Standard HTTP is inherently stateless and request-driven. For a chat application, using HTTP means clients must constantly "poll" the server to ask if new messages have arrived. This creates massive header overhead, drains mobile batteries, introduces unacceptable latency, and wastes immense server resources on empty responses.

🦸 The Solution (The Hero)

A persistent WebSocket architecture where clients maintain an open connection to dedicated Chat Servers. This allows the server to instantly push incoming messages to recipients. When combined with a write-optimized database like HBase, the system can effortlessly absorb massive message throughput while providing instant retrieval of chat histories.

📜 Requirements

  • Functional Requirements:
    1. Users can send and receive text messages in real-time (1-on-1 and Group chats).
    2. Users can see message statuses (Sent, Delivered, Read).
    3. Users can see the online presence of their contacts.
  • Non-Functional Requirements:
    1. Low Latency: Messages must be delivered in < 50ms if the recipient is online.
    2. High Availability: The chat service must be highly available, though strict message ordering is paramount.
    3. Scalability: Must support billions of concurrent connections and extreme write-heavy workloads.

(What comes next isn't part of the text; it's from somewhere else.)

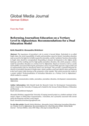 f journalists in fragile states should be conceptualised. Responding to dynamic developments in the Afghan media landscape and the resulting need for high-quality journalism education, this article proposes a reform model for journalism education on a tertiary level in Afghanistan. Based on research as well as a needs and feasibility assessment following the participatory action research (PAR) approach, target models and an implementation plan for educational reform were developed. This provides a potential blueprint for reforms in journalism education in fragile states, which considers social and cultural values and interests in the local context while drawing on the perspective of the outsider. This article presents the results of a project entitled 'Professionalisation of Journalism Education on a Tertiary Level in Afghanistan', which resulted in a manual." (Abstract)

Capacity Estimation (Back-of-the-envelope)

  • Traffic: 1 Billion Daily Active Users (DAU) sending an average of 50 messages/day -> 50 Billion messages/day (~600,000 messages/sec peak).
  • Storage: 50 Billion messages * 100 bytes (average payload) = 5 TB/day (~1.8 PB/year).
  • Connections: 1 Billion concurrent WebSocket connections. If one chat server handles 100,000 connections, the system requires a baseline of 10,000 Chat Servers.
  • Bandwidth: 600,000 msgs/sec * 100 bytes = ~60 MB/sec continuous ingress bandwidth.

📊 API Design & Data Model

  • SEND_MESSAGE (Client -> Server)
    • Payload: { "thread_id": "t123", "temp_id": "client_uuid", "text": "Hey!" }
  • RECEIVE_MESSAGE (Server -> Client)
    • Payload: { "thread_id": "t123", "message_id": "18472938472", "text": "Hey!", "sender_id": "u456" }
  • MESSAGE_ACK (Client <-> Server)
    • Payload: { "message_id": "18472938472", "status": "DELIVERED" }
  • Table: messages (HBase / Wide-Column Store)
    • RowKey: [thread_id]_[timestamp/sequence_id] (e.g., t123_1634567890)
    • ColumnFamily:data
      • sender_id (String)
      • content (String)
    • ColumnFamily:meta
      • status (String - Sent/Delivered/Read)
  • Table: user_threads (RDBMS or NoSQL)
    • user_id (String, PK)
    • thread_id (String, PK)
    • last_read_message_id (BigInt)

🏗️ High-Level Architecture

Architecture Diagram

graph TD
    ClientA[User A] <-->|WebSocket| LB[Load Balancer]
    ClientB[User B] <-->|WebSocket| LB

    LB <--> ChatSvc1[Chat Server 1]
    LB <--> ChatSvc2[Chat Server 2]

    ChatSvc1 --> SessionDB[(Session DB / Redis)]
    ChatSvc2 --> SessionDB

    ChatSvc1 --> PubSub[Pub/Sub / Kafka]
    ChatSvc2 --> PubSub

    PubSub --> ChatWorker[Chat Workers]

    ChatWorker --> HBase[(HBase Message Store)]
    ChatWorker --> PresenceSvc[Presence Server]
    ChatWorker --> PushSvc[Push Notification Service]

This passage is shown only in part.